Your goal — Records follow. Print exactly the lines from the one that has "报道称,马克龙和普京7日坐在" through the one that has "Du 22 au 24", inclusive, and omit the pictures.

Source material —
---
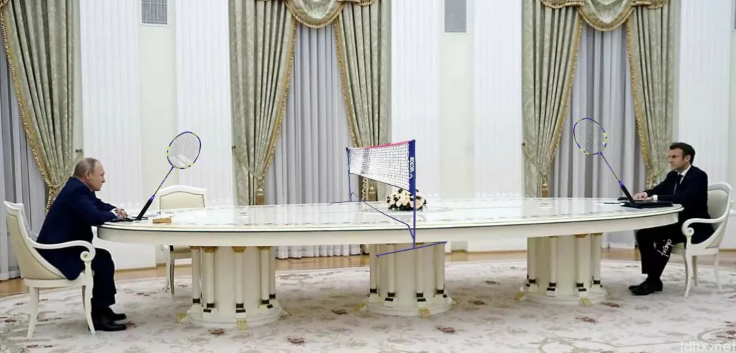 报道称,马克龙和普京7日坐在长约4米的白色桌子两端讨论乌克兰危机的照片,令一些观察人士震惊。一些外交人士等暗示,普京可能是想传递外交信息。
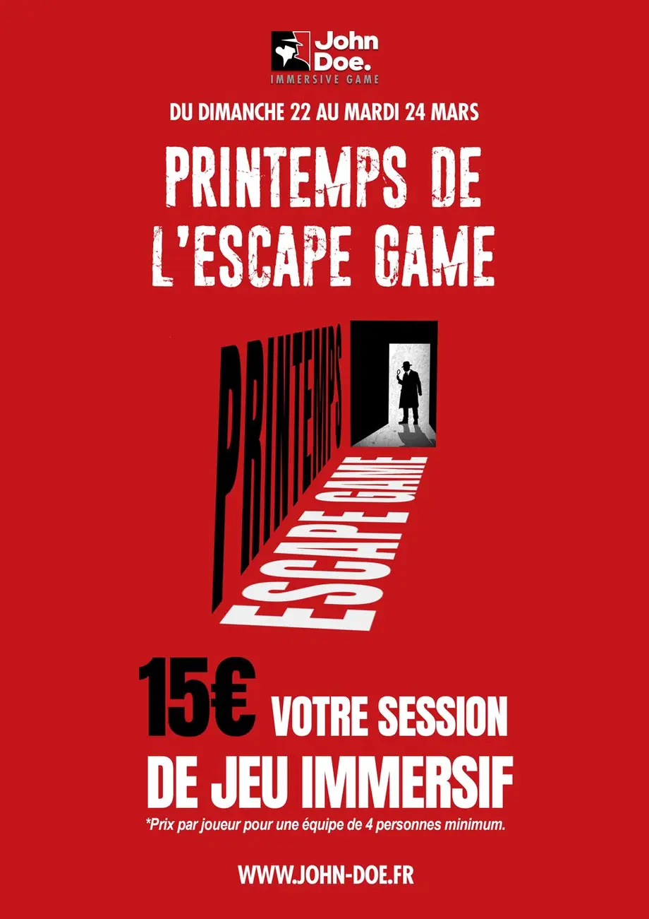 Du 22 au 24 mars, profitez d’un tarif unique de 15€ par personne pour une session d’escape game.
---
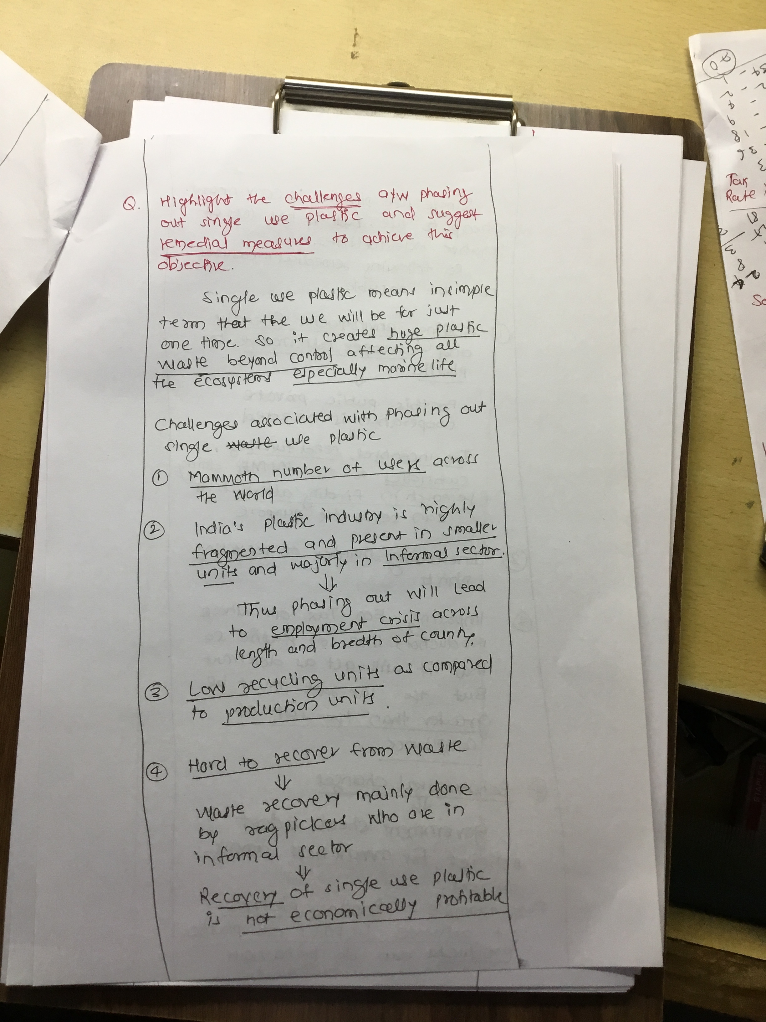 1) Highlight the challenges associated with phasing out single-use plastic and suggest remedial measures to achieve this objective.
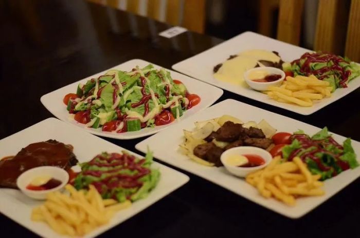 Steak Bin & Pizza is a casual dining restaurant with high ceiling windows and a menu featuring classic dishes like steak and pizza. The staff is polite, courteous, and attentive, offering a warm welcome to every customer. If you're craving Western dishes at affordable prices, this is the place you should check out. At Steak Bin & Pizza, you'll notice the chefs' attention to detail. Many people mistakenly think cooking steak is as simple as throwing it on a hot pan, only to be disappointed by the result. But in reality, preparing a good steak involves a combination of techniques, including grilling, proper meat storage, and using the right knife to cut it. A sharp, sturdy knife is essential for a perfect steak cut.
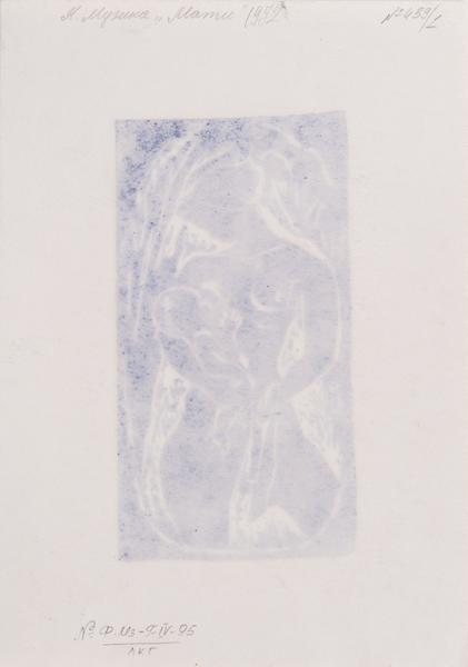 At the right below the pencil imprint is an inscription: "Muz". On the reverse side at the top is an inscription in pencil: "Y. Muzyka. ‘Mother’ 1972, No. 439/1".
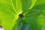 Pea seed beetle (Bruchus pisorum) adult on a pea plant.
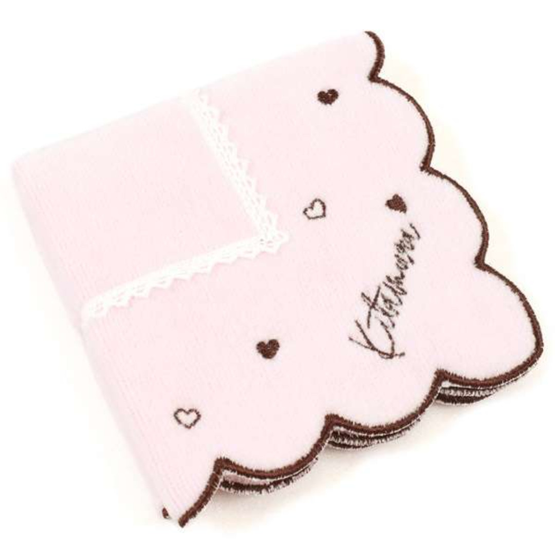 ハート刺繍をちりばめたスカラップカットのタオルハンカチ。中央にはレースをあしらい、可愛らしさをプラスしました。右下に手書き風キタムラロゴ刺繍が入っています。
---
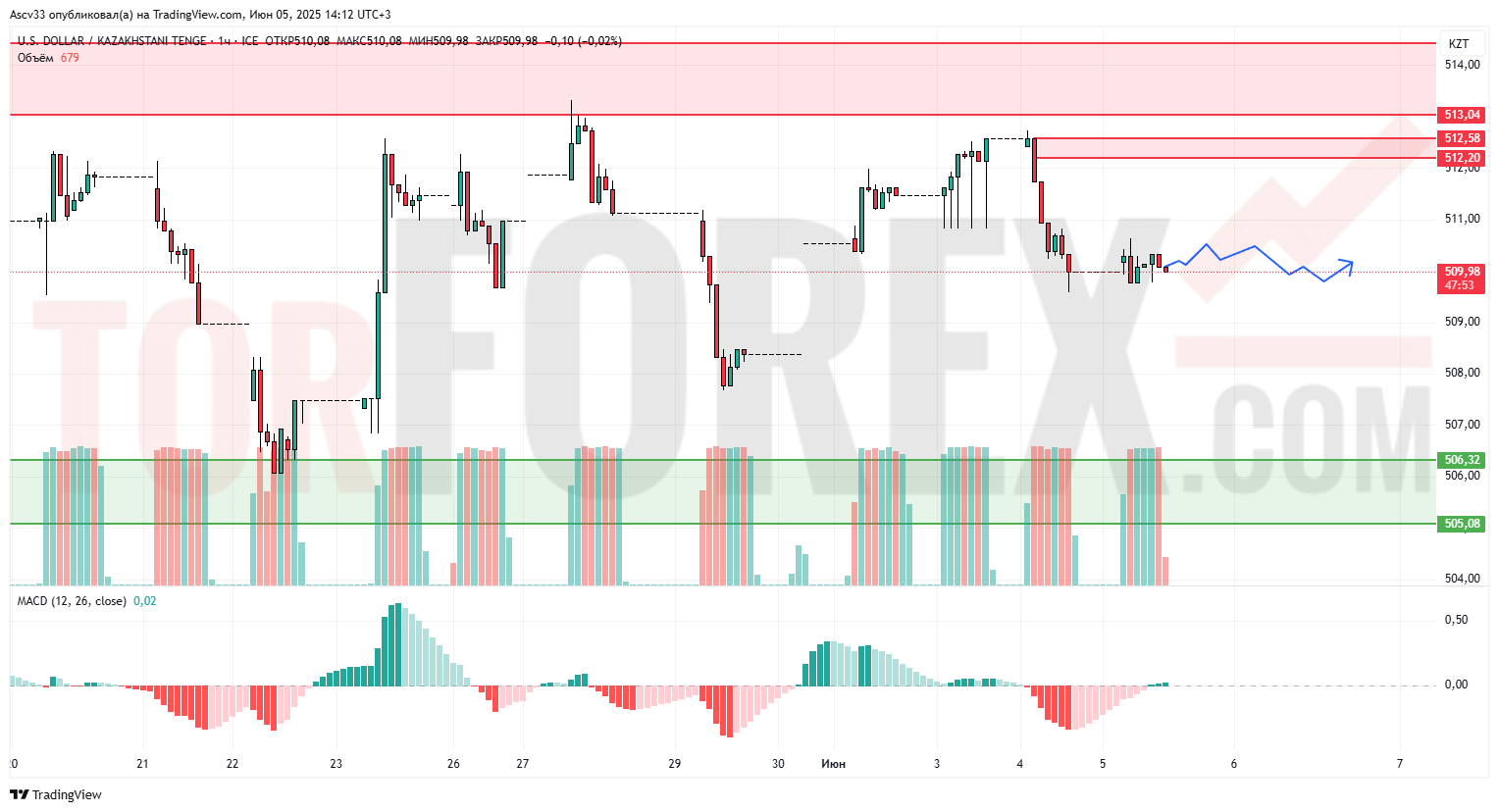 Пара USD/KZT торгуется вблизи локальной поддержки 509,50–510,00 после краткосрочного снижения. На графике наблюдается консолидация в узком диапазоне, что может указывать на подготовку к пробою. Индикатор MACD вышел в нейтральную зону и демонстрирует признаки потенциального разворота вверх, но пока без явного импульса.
---
Result for this exercise —
 报道称,马克龙和普京7日坐在长约4米的白色桌子两端讨论乌克兰危机的照片,令一些观察人士震惊。一些外交人士等暗示,普京可能是想传递外交信息。
 Du 22 au 24 mars, profitez d’un tarif unique de 15€ par personne pour une session d’escape game.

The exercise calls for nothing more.